**REQUIRED WORK:**
The required result is an exact copy of every line from the one with "The fully-equipped kitchen" through the last line below, with the pictures left out.

**PROVIDED DATA:**
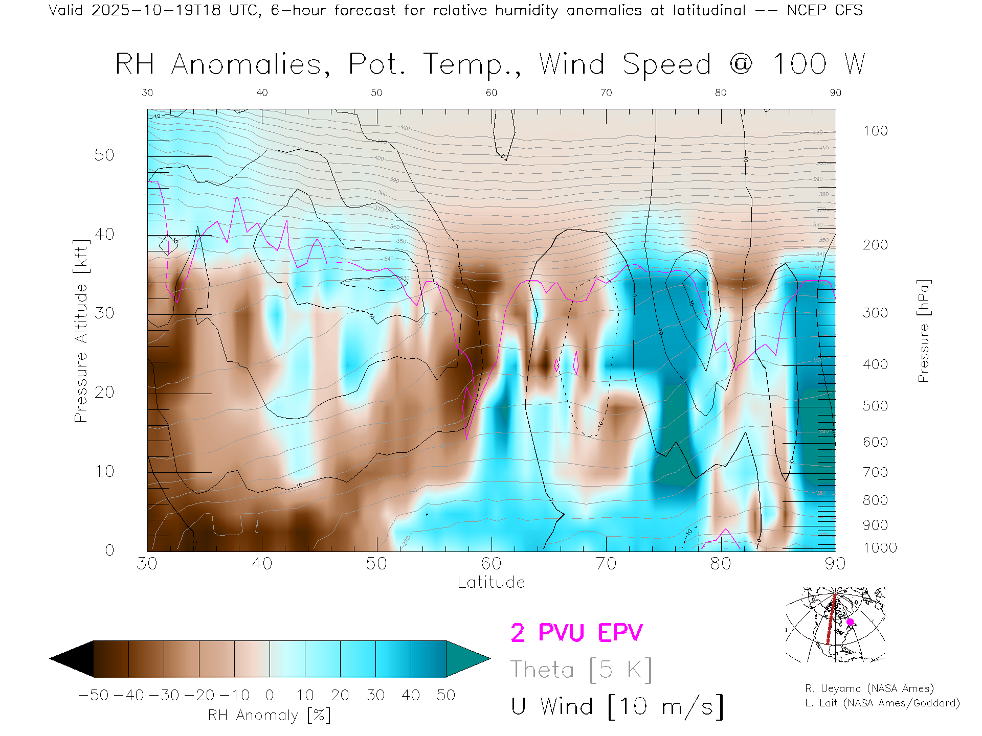 NCEP GFS Forecast Rel. Hum. X-Section (100 W)
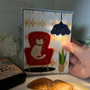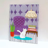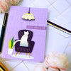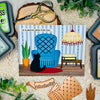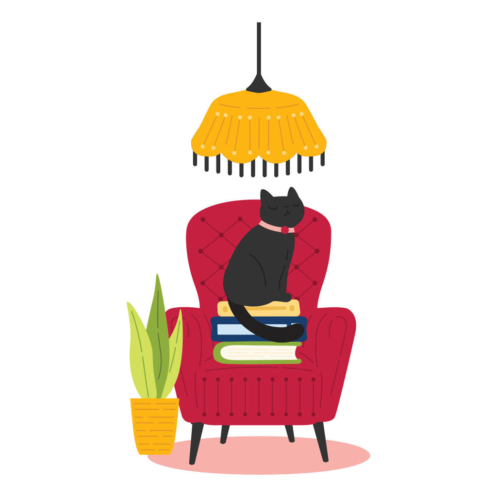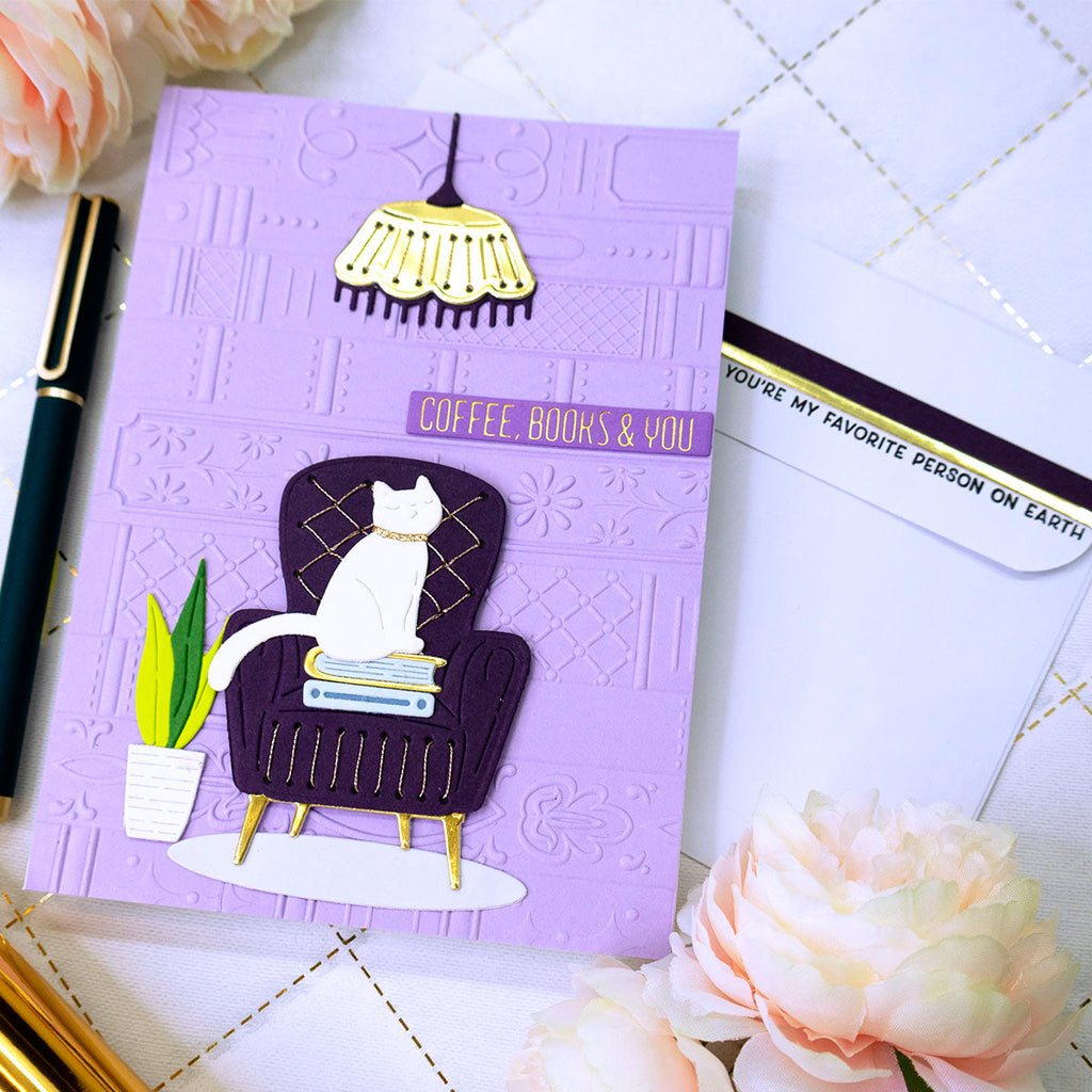 Add a snoozing kitty for extra personality, and use embroidery floss or thread to highlight textures in the chair and lamp. This set is perfect for heartfelt cards, book-themed projects, and homey handmade décor.
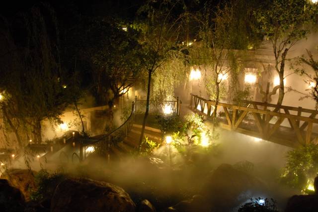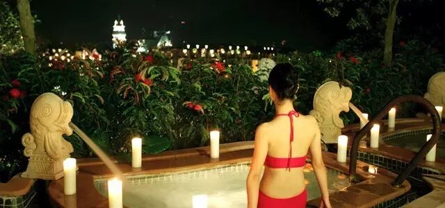 自然浴:女区美人汤以纯牛奶和玫瑰花瓣为原料,结合天然泉水,高效供给皮肤养分和水分,具有美白肌肤、延缓衰老、阻止色斑形成的功效。男区精气汤集合五味传统的优良中药,通过药物的渗透达成对肾脏机能的调理。
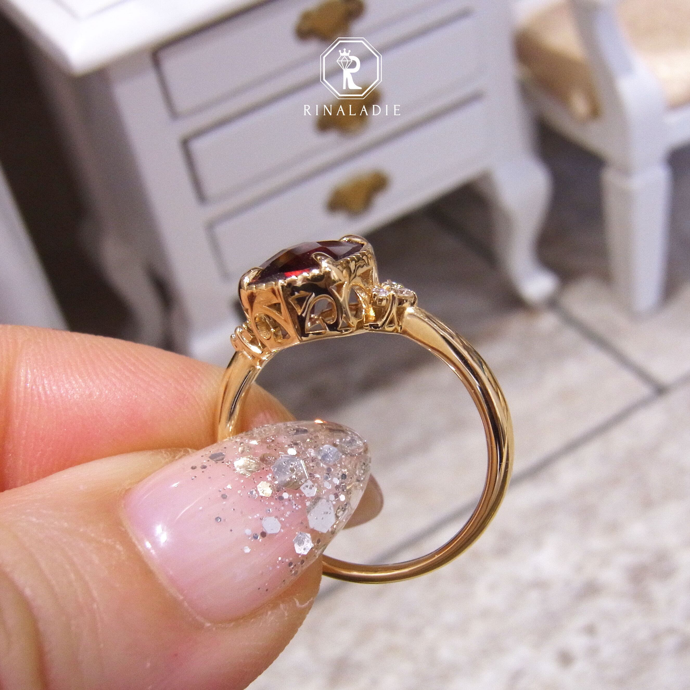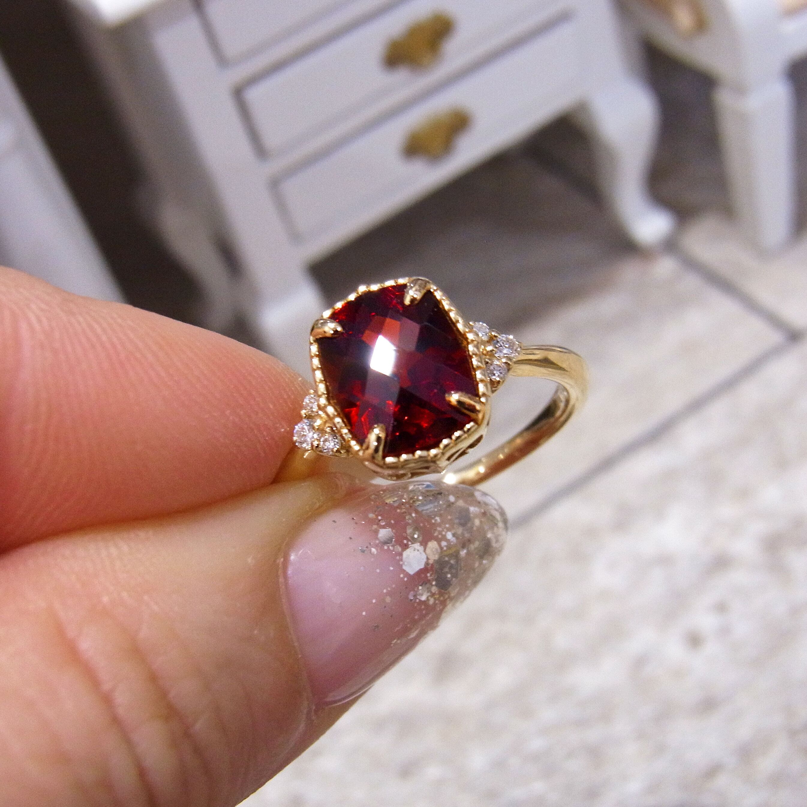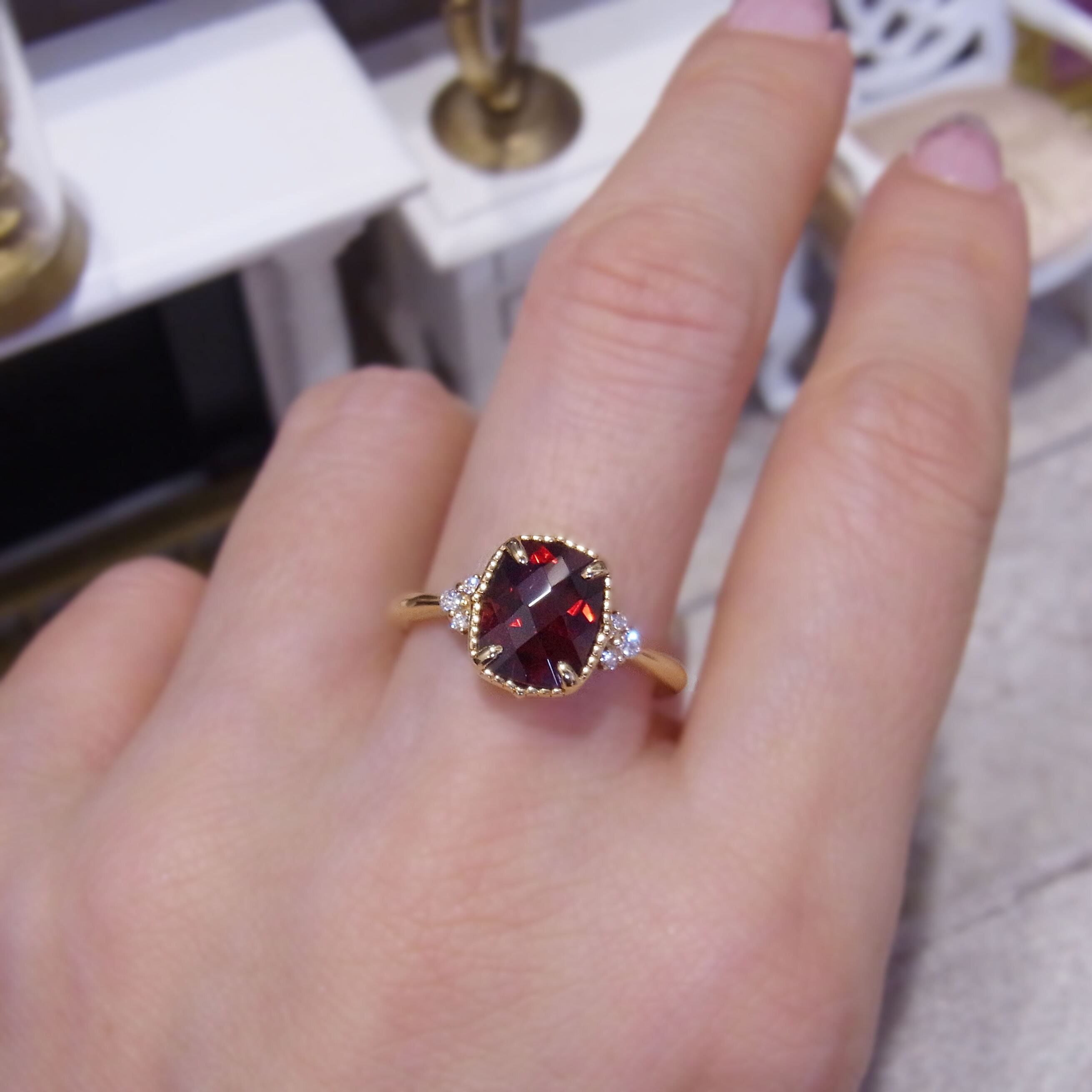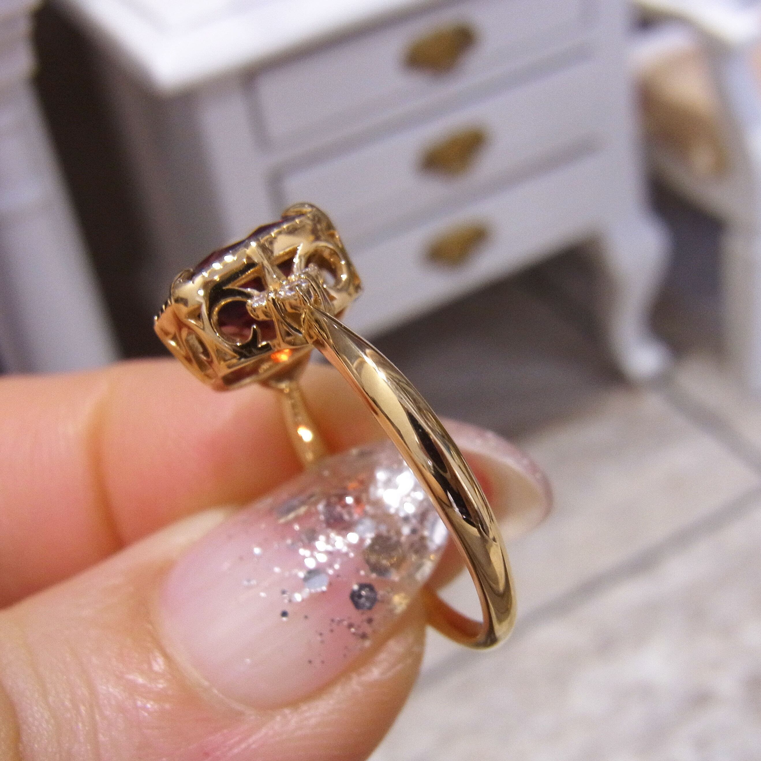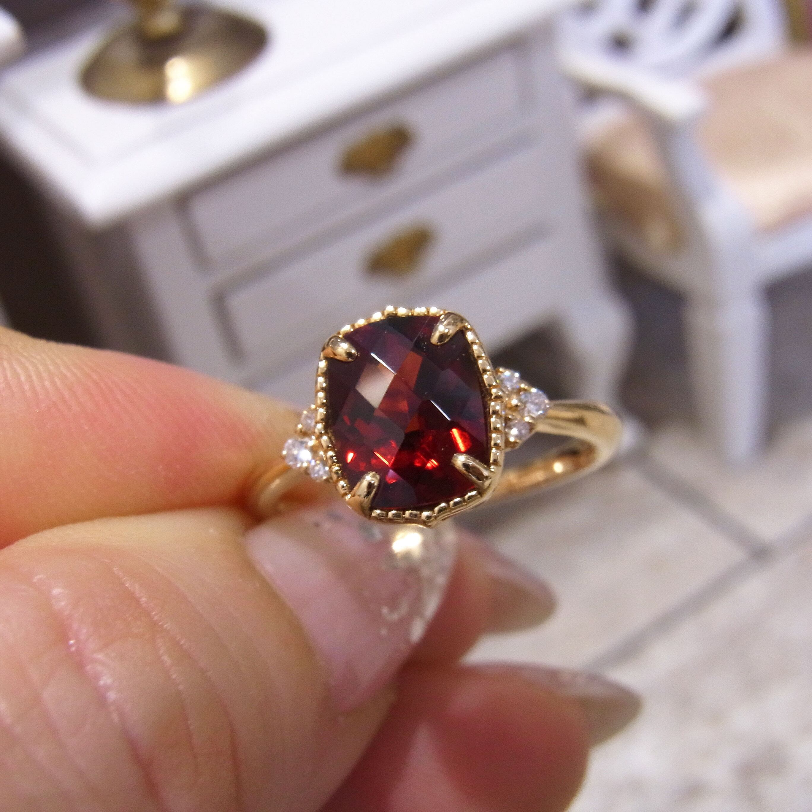 K18YG天然ガーネット深紅の鮮やかなミル打ちチェスカットリング
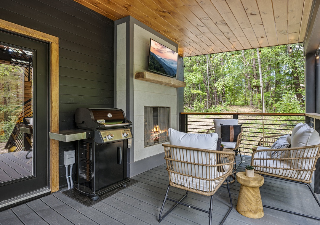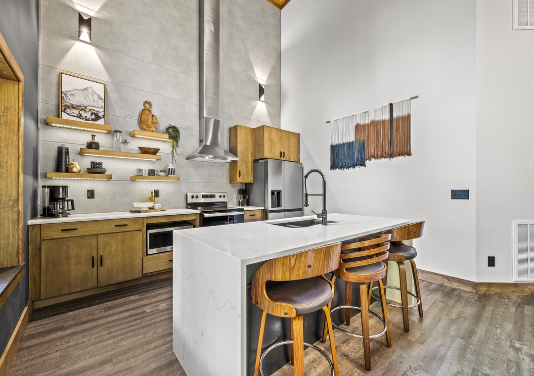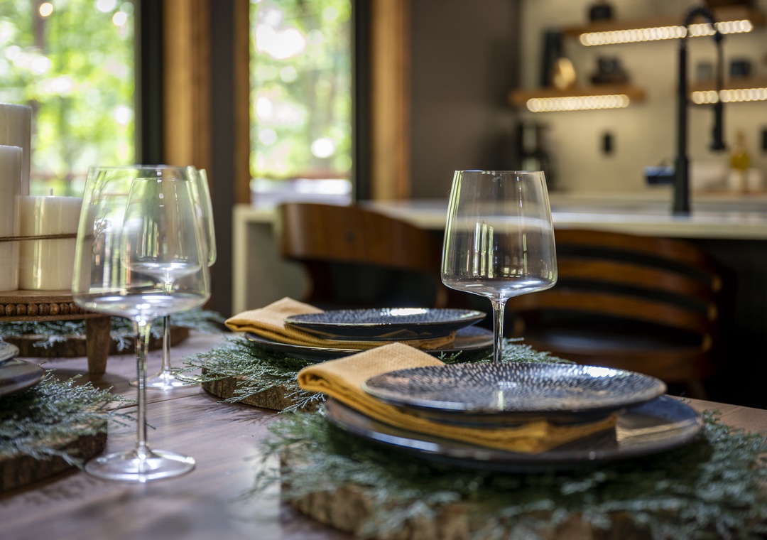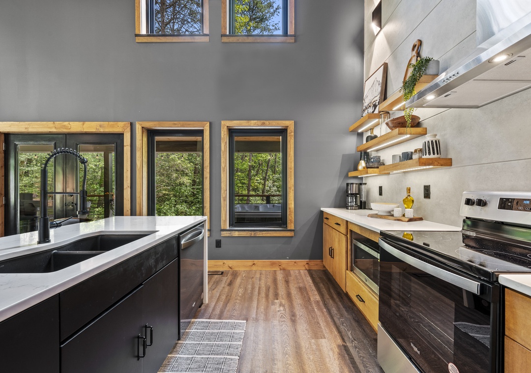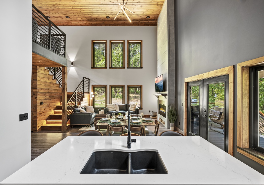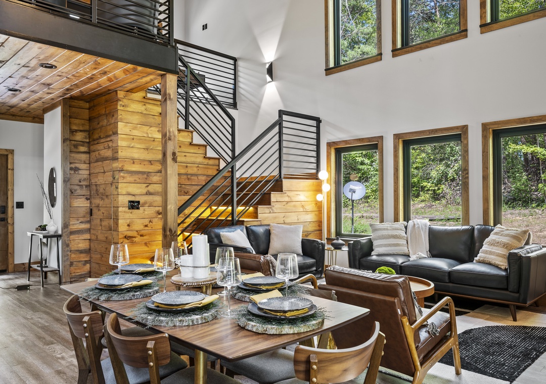 The fully-equipped kitchen is a chef's dream, with granite countertops, stainless steel appliances, and ample space for preparing delicious meals. Complete with a full-sized refrigerator, dishwasher, stove, microwave, and other kitchen appliances perfect for making breakfast, lunch, or dinner throughout your stay! All pots, pans, glasses, plates, silverware, etc. are also there for you! Share laughter and stories around the dining table and breakfast bar or you can also opt to dine al fresco on the back porch, breathing in the fresh mountain air.
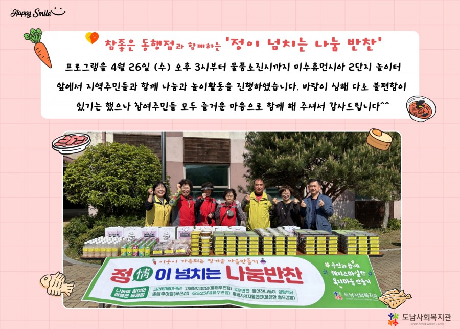 4월 26일(수) 15:00~물품소진시까지 참좋은 동행점과 함께하는 정이 넘치는 나눔 반찬을 진행하였습니다.^^

**EXERCISE ANSWER:**
 The fully-equipped kitchen is a chef's dream, with granite countertops, stainless steel appliances, and ample space for preparing delicious meals. Complete with a full-sized refrigerator, dishwasher, stove, microwave, and other kitchen appliances perfect for making breakfast, lunch, or dinner throughout your stay! All pots, pans, glasses, plates, silverware, etc. are also there for you! Share laughter and stories around the dining table and breakfast bar or you can also opt to dine al fresco on the back porch, breathing in the fresh mountain air.
 4월 26일(수) 15:00~물품소진시까지 참좋은 동행점과 함께하는 정이 넘치는 나눔 반찬을 진행하였습니다.^^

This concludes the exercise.